Sogno d'una Notte di mezz'estate

 

[…] E allora non è notte se ti guardo in volto,
e perciò non mi par di andar nel buio,
e nel bosco non manco compagnia.
Perché per me tu sei l’intero mondo.
E come posso dire di esser sola se tutto il mondo è qui che mi contempla? [...]

 

[…] Ho avuto una visione straordinaria. Ho fatto un sogno che nessun cervello
 umano riuscirebbe a spiegare. E c'è da far la figura del somaro soltanto
 a provarcisi. Mi pareva d'esser... nessuno può dire che cosa.
 Mi pareva d'essere... e mi pareva d'avere... ma soltanto un pazzo potrebbe
 tentar di dire quel che mi pareva d'avere. Occhio umano non poté mai udire,
 orecchio umano non poté mai vedere, mano umana non poté mai gustare, lingua
 umana mai concepire, e cuore umano mai narrare, un sogno come il mio. [...]

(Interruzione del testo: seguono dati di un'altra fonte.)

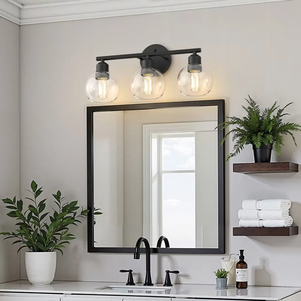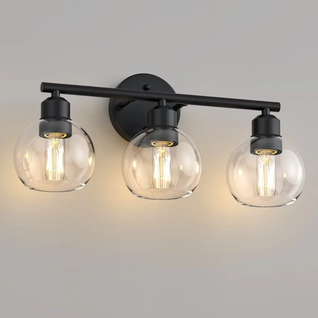 Globe glam meets sleek black metal. This 3-light vanity fixture brings balanced beauty and bold brightness to any bathroom. A must-have for spaces that deserve both style and function.
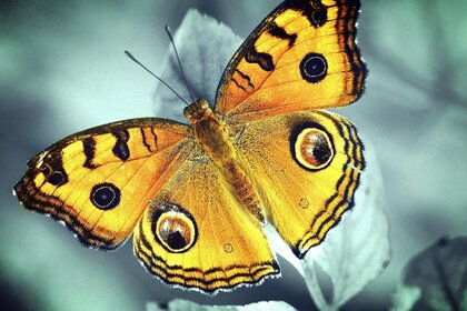 Foto eines blauen Schmetterlings auf Grün

[…] Quale angelo mi sveglia dal mio letto di fiori?
Ti prego, grazioso mortale, canta ancora.
Il mio orecchio si è innamorato delle tue note
come il mio occhio è rapito dal tuo aspetto.
Il potere irresistibile della tua virtù mi spinge
fin dal primo sguardo a dirti, anzi a giurarti che t’amo. […]

 

William Shakespeare

“Sogno d'Una notte di mezz'estate”

 

Mir träumte von einem Königskind,

Mit nassen, blassen Wangen;

Wir saßen unter der grünen Lind,

Und hielten uns liebumfangen.

 

Sognavo una Principessa,

con guance pallide e umide;

eravamo seduti sotto il tiglio verde,

ci tenevamo amorosamente abbracciati,

 

- Ich will nicht deines Vaters Thron,

Und nicht sein Zepter von Golde,

Ich will nicht seine demantene Kron,

Ich will dich selber, du Holde! -

 

- Io non voglio il trono di tuo padre,

non voglio il suo scettro d'oro,

non voglio la sua corona di diamante,

io voglio te stessa, mia cara! -

 

Das kann nicht sein, sprach sie zu mir,

Ich liege ja im Grabe,

Und nur des Nachts komm ich zu dir,

Weil ich so lieb dich habe.

 

Non può essere, disse a me,

Io giaccio nella tomba,

e solo di notte vengo a te,

perché ti amo tanto.

 

Heinrich Heine

Buch der Lieder, Lyrisches Intermezzo, XLI

 

*

 

Mi sveglio, lentamente.

Il freddo mi accappona la pelle. Tremo.

Sbatto piano gli occhi per abituarli al bianco assoluto che mi circonda. Bianco è l'abito che indosso, bianche sono le pareti della stanza dove mi trovo, bianche sono le lenzuola che mi avvolgono.

C'è musica, nell'aria. Una voce accompagnata da corde pizzicate con delicatezza.

Sembra una voce maschile. È morbida, carezzevole, tiepida.

Dove l'ho già sentita prima?

Forse un'eternità fa, in un posto lontano, dove c'erano tanti altri colori, tanti altri suoni.

Ma quella voce ha sempre spiccato sopra tutto, sopra tutti i colori e sopra tutti i suoni.

Adesso che non c'è altro, posso sentirla davvero; posso cogliere ogni sua vibrazione, ogni sua sfumatura, ogni suo accento.

Percorre le mie vene come linfa vitale.

Vorrei sapere di chi è questa meravigliosa voce, quale note sta suonando quell'essere a cui appartiene.

Ma non ho ancora la forza di tenere gli occhi aperti.

All'improvviso tutto ciò che conta è quella voce.

Cosa canta? Sono parole? Cosa sta dicendo? Perché? Canta per me?

Chi sono io?

Cosa sono?

Sono...sono io. Io sono io.

E sono viva.

Sono viva?

Non ho un cuore; se lo avessi, batterebbe. E non si può vivere senza un cuore.

Quindi non sono viva?

Però sento il suo cuore. Lo sento, lo sento sulla pelle; un leggero e veloce battito, profondo, che potrebbe farmi andare in mille pezzi. Lo sento perché non è dentro di me, lo sento come sento la sua voce.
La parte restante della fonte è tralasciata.